In FIG. 1, an obstacle inspection monitor 30 is a light beam having a high directivity (for example, such that it crosses the vicinity of the upper surface of the substrate G placed on the stage 10 substantially horizontally in the Y direction at a predetermined height position). A light projecting unit 32 that emits or projects a laser beam LB; and a light receiving unit 34 that is disposed at a position facing the light projecting unit 32 with the substrate G on the stage 10 sandwiched in the Y direction. As shown in the figure, the light projecting unit 32 and the light receiving unit 34 are respectively attached to a pair of horizontal support arms 36 and 38 projecting forward from the left and right side surfaces of the support 24 in the scanning direction. In addition, the light beam LB is projected and received substantially horizontally at a position ahead by a certain distance (for example, 100 mm to 200 mm).

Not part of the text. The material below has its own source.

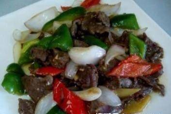 2.略微攪拌,呈淺灰色時取出瀝幹。鍋中倒入適量的油燒熱,放入洋蔥末炒香,再倒入切好的燈籠椒翻炒片刻,倒入豬肝。3、加入生抽、老抽、料酒、糖、鹽,稍微攪拌一下,最後加入少許水淀粉勾芡即可上桌。

  FIG. 3 shows the positional relationship between the substrate G on the stage 10, the light projecting unit 32, the light receiving unit 34, and the optical path of the light beam LB. The light projecting unit 32 may be a single LD (semiconductor laser), but is preferably composed of a one-dimensional LD array or a two-dimensional LD array in which a number of LDs are arranged in a horizontal row or a vertical and horizontal matrix. 35 (FIG. 9) receives a drive current to emit light, and emits a light beam LB having a beam diameter or beam size (for example, 2 mm × 2 mm) much larger than the coating gap g (for example, 100 μm). At this time, the lower end portion of the light beam LB emitted from the light projecting unit 32 is cut off at one side surface of the substrate G, and only the beam portion that propagates horizontally in a space higher than the upper surface of the substrate G is the light receiving unit 34. The height position of the beam optical path may be set or adjusted so as to reach the light receiving surface 34a.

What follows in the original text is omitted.